Penny Mordaunt has been appointed as minister of state at the Department for International Trade after Boris Johnson reshuffled the main cabinet positions yesterday.
Michael Ellis will take on Ms Mordaunt’s former role as paymaster general at the Cabinet Office.
One of the top changes saw Liz Truss getting the foreign secretary brief, bumping out Dominic Raab to become justice secretary after he was heavily criticised for being on holiday as the Taliban took Afghanistan.
In 2020, Mr Raab deputised for Mr Johnson while the prime minister was treated in intensive care with COVID-19.
And he will now formally take on the role as deputy prime minister after the position was revived by the PM.
The promotion of Ms Truss from international trade secretary – taken over by Anne-Marie Trevelyan – means two of the top four jobs are now held by women after Priti Patel kept her home secretary role.
The reshuffle also saw Gavin Williamson lose his job as education secretary after overseeing the exams fiasco during the pandemic as he was replaced by vaccines minister Nadhim Zahawi.
Leading Tory MP Michael Gove has been tasked with housing, communities and local government, pushing Robert Jenrick onto the backbenches.
Party co-chair Amanda Milling was also ousted just weeks before the Conservative Party’s annual conference, as was Robert Buckland from his justice secretary role.
Stephen Barclay has taken Mr Gove’s role as chancellor of the Duchy of Lancaster and Cabinet Office minister.
And bestselling author and former I’m a Celebrity… Get Me Out of Here! star Nadine Dorries was promoted to culture secretary, moving Oliver Dowden to Conservative Party co-chair and cabinet minister without portfolio.
Making her first appearance in the new role in the Commons on Thursday morning, Ms Dorries thanked colleagues for the "warm welcome".
Wednesday saw the PM make a flurry of ministerial changes, with more expected to follow on Thursday.
Reacting to his change of role, Mr Raab said he was "delighted" at being appointed justice secretary and looked forward to "delivering on the prime minister’s commitment to cut crime, reduce reoffending and protect the public".
In a Twitter post on Wednesday afternoon in which he revealed his departure from the cabinet, Mr Williamson said it had "been a privilege to serve as education secretary since 2019" and that he was "particularly proud of the transformational reforms I’ve led in post-16 education".

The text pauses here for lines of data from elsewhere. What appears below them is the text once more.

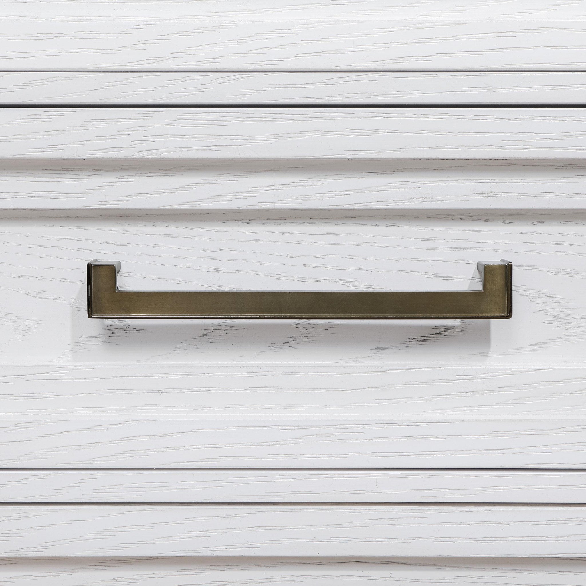 Light distressing offers depth and dimensionality to a modern six-drawer dresser. Perfect for clothing and other accessories, it features a double profile with three drawers on each side. A white finish allows wood grain details to show through, creating organic character and texture. Drawer fronts are a stepped design that adds artistry, with long antique brass toned pulls that add contrasting depth. use the wide top for personal effects like a jewelry box or valet and framed photos.
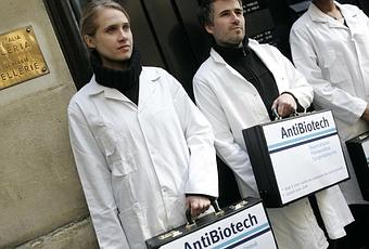 Les membres de ces gouvernements semblent touchés par la Monsantoïte aïgue dont les symptômes incluent une perte de mémoire relative au principe de précaution et des délires chroniques conduisant à penser que la protection des intérêts des citoyens européens pourrait être assurée par la protection des intérêts privés des sociétés agro-chimiques… Les sujets contaminés deviennent hautement perméables aux arguments de ces firmes, notamment lors des prises de décision relatives aux OGM. Pour y remédier, l’équipe médicale de Greenpeace s’est rendue ce mercredi 25 février aux ambassades d’Italie, d’Espagne, d’Allemagne, de Roumanie et de Slovaquie et y ont distribué des boites d’AntiBiotech.
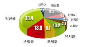 Â÷±â ´ë±Ç, ¹Ú±ÙÇý 33.4%-¼ÕÇÐ±Ô 13.9%

Former justice secretary Mr Buckland also posted a letter he had sent to the PM on Twitter to confirm his departure from cabinet.
He said he was looking to "the next adventure" and that he was "deeply proud of everything I have achieved" after serving in government for the past seven years.
In his departure letter, Mr Buckland noted that "years of underfunding" had not helped the legal system recover from the backlog caused by the COVID-19 pandemic.
Opposition MPs including Mother of the House of Commons Harriet Harman thanked Mr Buckland for his work on the Domestic Abuse Bill which became law earlier this year.
Mr Jenrick, who last year was at the centre of a row over planning approval granted to a Conservative donor, tweeted that it had been a "huge privilege" to have led the Ministry of Housing, Communities and Local Government (MHCLG).
"Thank you to everyone at the department for their hard work, dedication and friendship. I’m deeply proud of all we achieved," he added.
"I will continue to support the prime minister and the government in every way I can."